Immigration : les filières de la honte

La Dépêche.fr, 05/10/2013

Le naufrage au large de Lampedusa qui a fait 300 morts et disparus place l’Europe devant ses responsabilités face aux migrants qui fuient leurs pays en raison de la misère ou des guerres. En manquant de solidarité en son sein, l’Union européenne ne fait qu’aggraver les problèmes.

La tragédie de Lampedusa servira-t-elle d’électrochoc pour l’Europe ? Car c’est bien au niveau de l’Union européenne que peuvent intervenir des solutions susceptibles de réduire les flux migratoires des demandeurs d’asile, ou d’en amoindrir le choc. Or jusqu’à présent, on en est loin. « Malgré les différentes promesses de la Commission, de l’agence Frontex... qui assurent mettre en place des opérations pour faire diminuer le nombre de morts, la réalité leur donne tort, explique Olivier Clochard, président du réseau Migreurop. Les politiques restrictives mises en place en Europe continuent de prévaloir. Les opérations de Frontex portent davantage sur du contrôle que sur l’assistance aux bateaux en mer. Pire, les États de l’UE continuent de criminaliser l’aide ou le secours qui pourrait être porté aux boat-people en détresse dans l’espace méditerranéen. » Surtout, ils laissent les pays d’accueil se débrouiller seuls et, repliés sur leurs égoïsmes nationaux, redoutant leurs opinions publiques respectives, ils refusent de mettre en place une politique solidaire. En vingt ans, ce sont plus de 17 000 migrants qui ont trouvé la mort en voulant entrer en Europe. On évalue à 1500 le nombre de personnes qui tentent de gagner les côtes italiennes. Mais l’Espagne, Malte, Chypre sont également des destinations visées. Aux réfugiés provenant des pays du Maghreb ou de l’Afrique noire, s’ajoutent désormais ceux issus de la Syrie en guerre.

Qu’elle le veuille ou non l’Europe va devoir se pencher sur ce problème avec un peu plus de courage. « Frontex l’agence européenne chargée de surveiller les frontières, devrait être en mesure de porter secours à ces naufragés », affirme Jacques Barrot, commissaire européen à la justice, à la sécurité et aux libertés de 2008 à 2009, dans une interview au Monde.
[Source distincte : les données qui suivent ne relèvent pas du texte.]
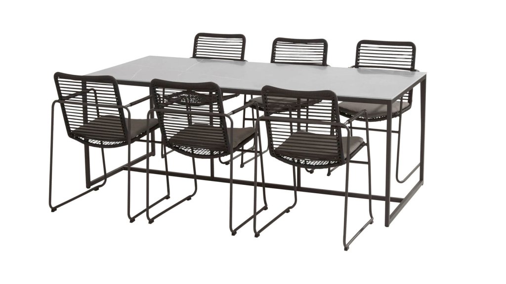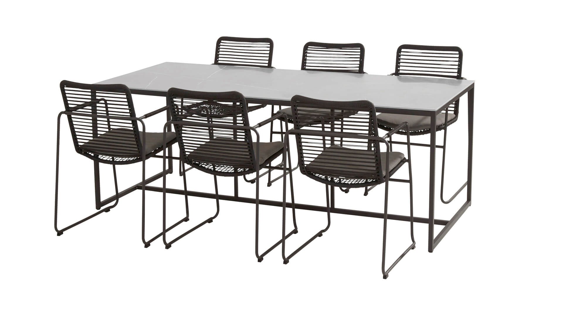 Der Elba Dining Chair von Taste by 4Seasons besteht aus einem pulverbeschichteten Edelstahlgestell mit gespanntem Rope. Das Rope hat einen harten Kern, sodass es sich kaum dehnt. In Kombination mit dem serienmäßig mitgelieferten Sitzkissen ist dieser Stapelstuhl sehr bequem. In Kombination mit den warmen Farben des Basso Tisches ist diese Essgruppe eine Bereicherung für jeden Garten. In Kombination mit dem Quatro-Tisch von 4seasons ergibt sich ein elegantes Ganzes. Der Tisch hat eine Keramikplatte.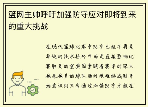 篮网主帅呼吁加强防守应对即将到来的重大挑战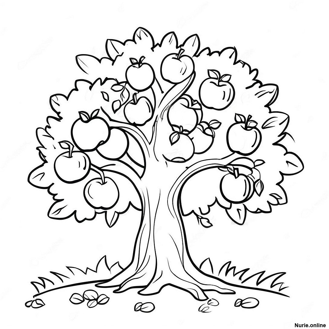 リンゴの木の塗り絵の印刷可能なPDFをダウンロードする
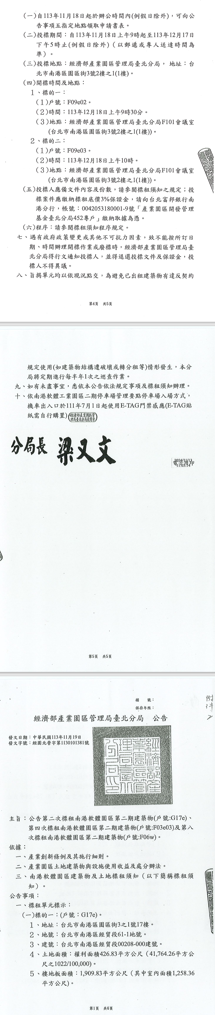 【園區公告】為有效宣傳本分局南港軟體園區第二期建築物(户 號:F09e02、F09e03)公告標租資訊(如附件1)及(戶號: G17e、F03e03、F06w)公告標租資訊(如附件2),請協助 轉知各進駐廠商或各公會會員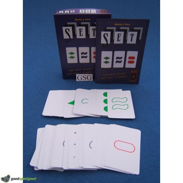 De 81 kaarten tonen symbolen die zich onderscheiden in kleur (rood, groen of paars), vorm (ovaal, rechthoek of golf), vulling (leeg, half gerasterd of vol) en aantal (1, 2 of 3 symbolen). Iedereen probeert zo vlug mogelijk drie kaarten te vinden die ‘samenhoren’. Dit zijn kaarten waar voor elk van de eigenschappen geldt dat ze of wel gelijk of wel verschillend zijn. Let op de volgende dingen: hebben de drie kaarten hetzelfde symbool, is de kleur telkens gelijk of verschillend, staan er steeds evenveel symbolen op of is de vulling telkens gelijk of verschillend? Enkel als elke vraag met een ‘ja’ kan beantwoord worden, vormen de drie geselecteerde kaarten een set. De speler die het eerst zo’n set ziet, krijgt de drie kaarten. Daarna worden er weer drie nieuwe kaarten op tafel geplaatst en gaat het concentratiespel verder. Er wordt gespeeld totdat alle kaarten gebruikt werden of niemand nog een set ontdekt. Wie nu de meeste sets bezit, wint het spel. Set is één van de beste combinatie- en concentratiespellen op de markt. Kompleet met handleiding. Geschikt voor 1-8 spelers in de leeftijd vanaf 6 jaar.

L’Europe prévoit la mise en place d’un système Eurosur permettant une plus grande efficacité dans le sauvetage des navires en perdition. Encore faudra-t-il que les États européens acceptent de financer ce dispositif. Des partenariats avec des pays d’Afrique visant à définir une immigration légale sont à l’étude. Le Maroc en a conclu un. Le renforcement de la lutte contre les réseaux de passeurs est également envisagé. Mais ces différentes initiatives sont encore à l’état embryonnaire.

Jusqu’à présent, les drames liés à l’immigration se sont déroulés dans l’indifférence générale. En France, la CFDT a demandé hier au gouvernement d’intervenir auprès de la Commission européenne pour « mettre un terme » aux drames comme celui de Lampedusa, tandis que la CGT a souligné que le droit de sauvegarde de la vie en mer « doit rester inaliénable ».